Can good art still be made even if an artist is “collaborating” with the state, or forced to collaborate? And is there some subversion present in so-called government-approved art?
I think some of the artists who collaborated were forced to collaborate and maybe they played with it—however I think there were some who believed in the cause. And the cause was, I think, virtuous at some time. There is interesting political art. We were in Vietnam and we ran into the chief propaganda artist from North Vietnam. We went and saw a lot of paintings he did and we bought some. They were depictive of atrocities that America had done—and it was pretty fascinating.
Those political works become more interesting as time goes by and you look back at the period but at the time …
At the time, you think you’re being preached to.

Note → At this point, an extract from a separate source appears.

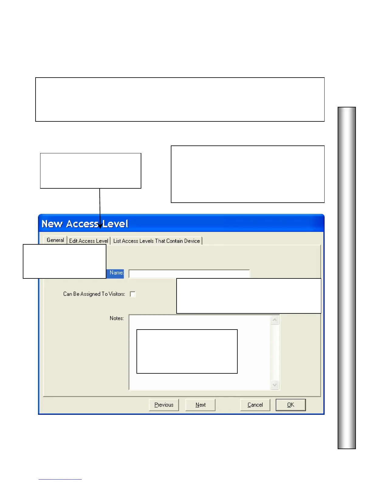 and at what times on those days the card or code will allow entry. The Edit Access Level Tab is

What did you learn from all this experience with China?
What I’ve learned from China is not really so much “China”. What I learned by being there and how my life changed was that you can have an idea and if you push hard enough, you can create something—if you have the will. And I learned that it is a lot harder than you think it is.
How did the jewelry happen?
When we started the carpets, I had to learn to run a business, which is not my strong suit. And while I was learning to be a secretary, literally—I had never even had a computer—and while Brad was working on the transformations of our designs [into carpets] I needed to do something hands on. I found I couldn’t get into the studio and just paint for an hour because the kind of concentration painting takes is longer than that hour. So I started wandering the back streets of Hong Kong and found stones, which I started to put together. When I make a piece, I don’t think about if all the beads or elements are going to fit together. I’m thinking of making a “drawing”. I don’t do it from a technical point of view. That’s what happened with the carpets too – we were the first ones to do irregular carpets, we really were. We were the first ones to do painterly things with carpets.










Are people still buying jewelry?
I think it’s interesting. When the recession came, we went down a little bit but we’re not huge—we’re very lean and mean, so we could pull back. I have a devoted clientele. It’s not a fair thing to say but Debbie [Janis’s partner] said that her mother says our thing is sort of costume jewelry for millionaires.
What tips would you give for wearing jewelry?
I like bold and I’m a real ring person. And I don’t wear a lot of it. Sometimes people wear too much jewelry. Also, if you wear glasses, avoid big earrings. I don’t wear twee, tiny things although I do like some of those things. You have to feel like it feels right for you. Otherwise it looks like a costume—that’s what happens when these stylists do it. Eventually all the [stars] look the same. I really miss the old Oscars when they made so many mistakes! I miss Cher! And Bjork!